ASSIGNED TASK: The material below holds the lines to copy: from the one with "7.2.10 Buy Oakham" up to and including the one with "Oui gorgeous stretch". Copy them exactly and skip the pictures.

EXTRACTED DATA:
★ ★ ★

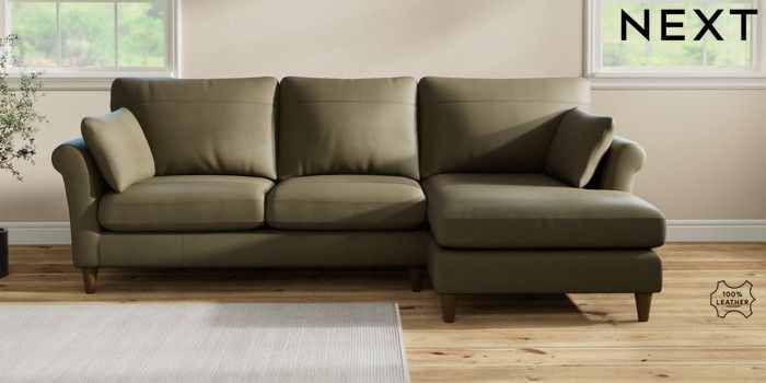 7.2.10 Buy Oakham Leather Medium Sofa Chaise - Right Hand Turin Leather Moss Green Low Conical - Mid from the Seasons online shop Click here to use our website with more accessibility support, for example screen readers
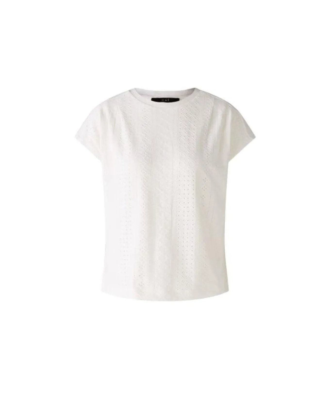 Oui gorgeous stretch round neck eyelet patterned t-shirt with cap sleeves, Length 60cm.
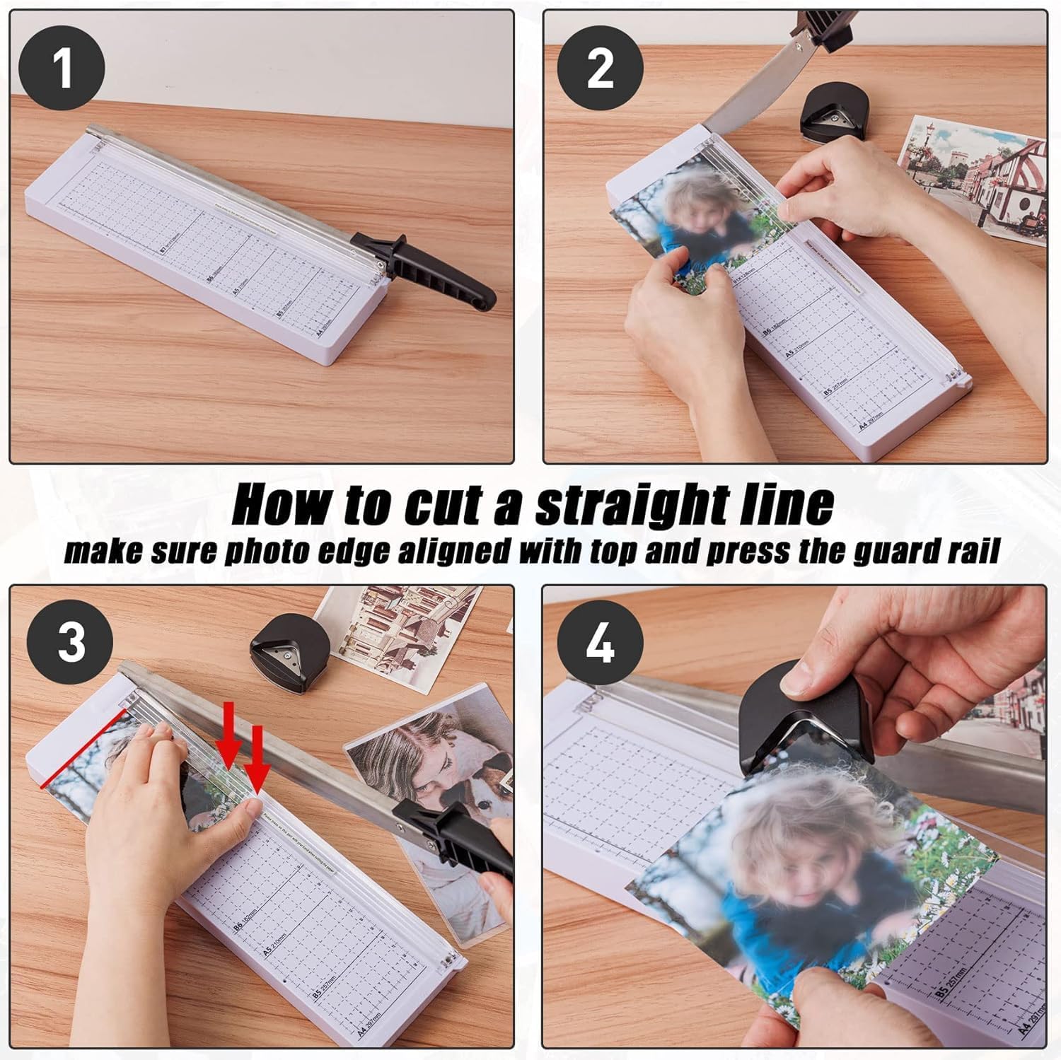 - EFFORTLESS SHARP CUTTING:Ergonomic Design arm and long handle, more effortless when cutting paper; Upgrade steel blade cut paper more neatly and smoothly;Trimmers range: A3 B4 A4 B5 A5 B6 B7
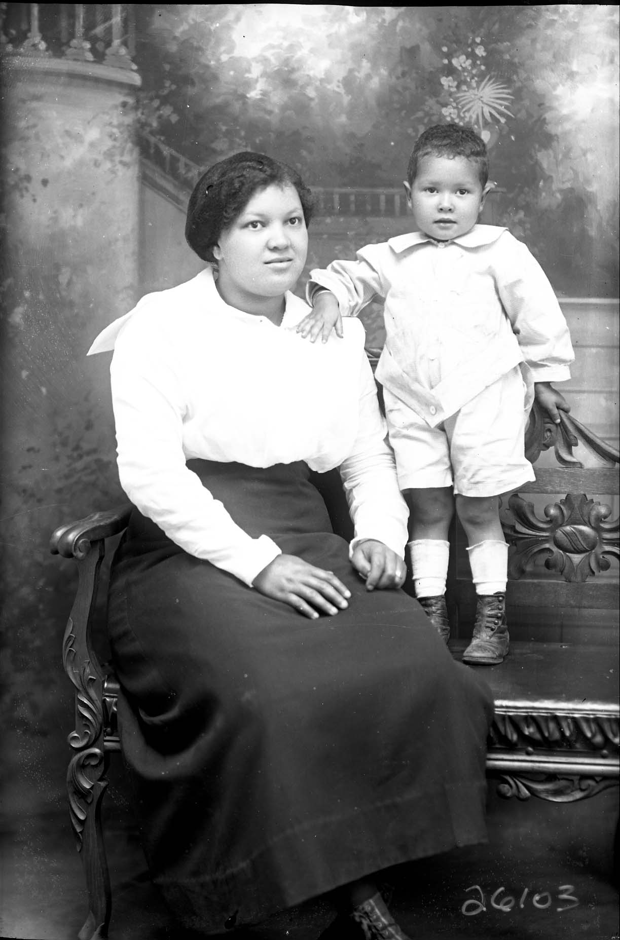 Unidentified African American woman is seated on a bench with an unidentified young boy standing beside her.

★ ★ ★

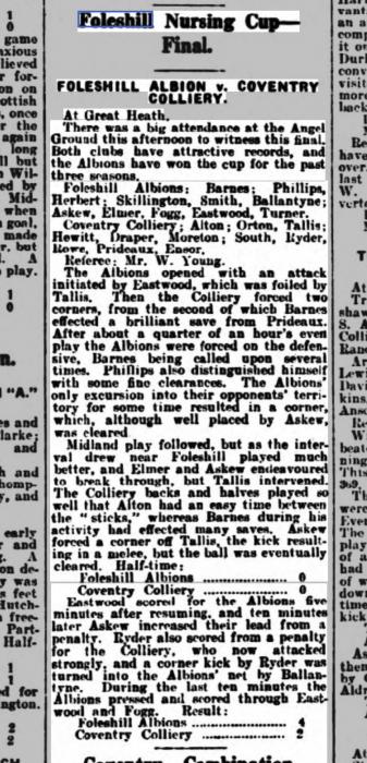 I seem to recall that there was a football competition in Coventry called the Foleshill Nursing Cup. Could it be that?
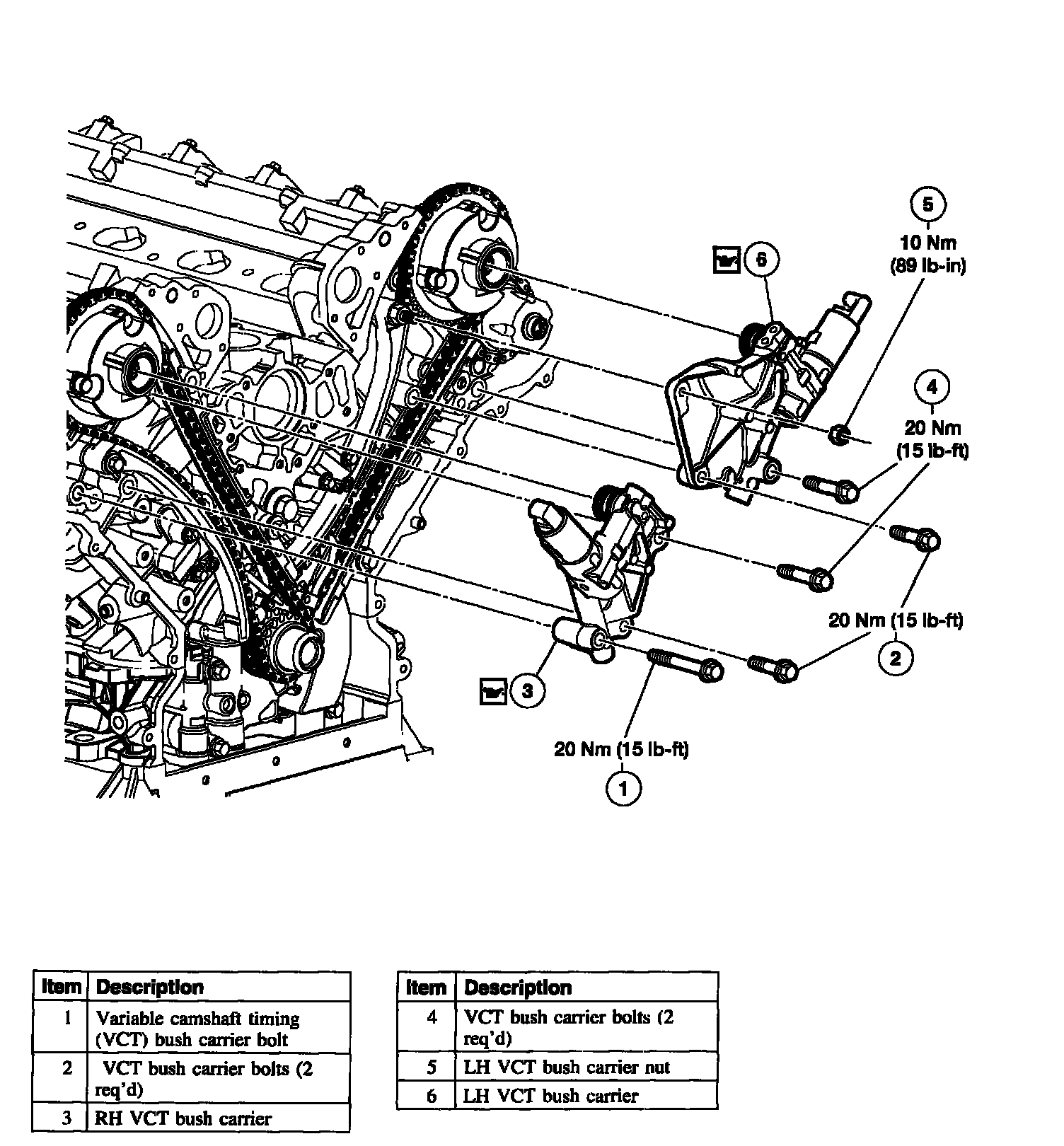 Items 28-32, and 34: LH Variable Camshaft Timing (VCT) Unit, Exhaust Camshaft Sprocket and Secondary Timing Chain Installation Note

★ ★ ★

SOLUTION:
 7.2.10 Buy Oakham Leather Medium Sofa Chaise - Right Hand Turin Leather Moss Green Low Conical - Mid from the Seasons online shop Click here to use our website with more accessibility support, for example screen readers
 Oui gorgeous stretch round neck eyelet patterned t-shirt with cap sleeves, Length 60cm.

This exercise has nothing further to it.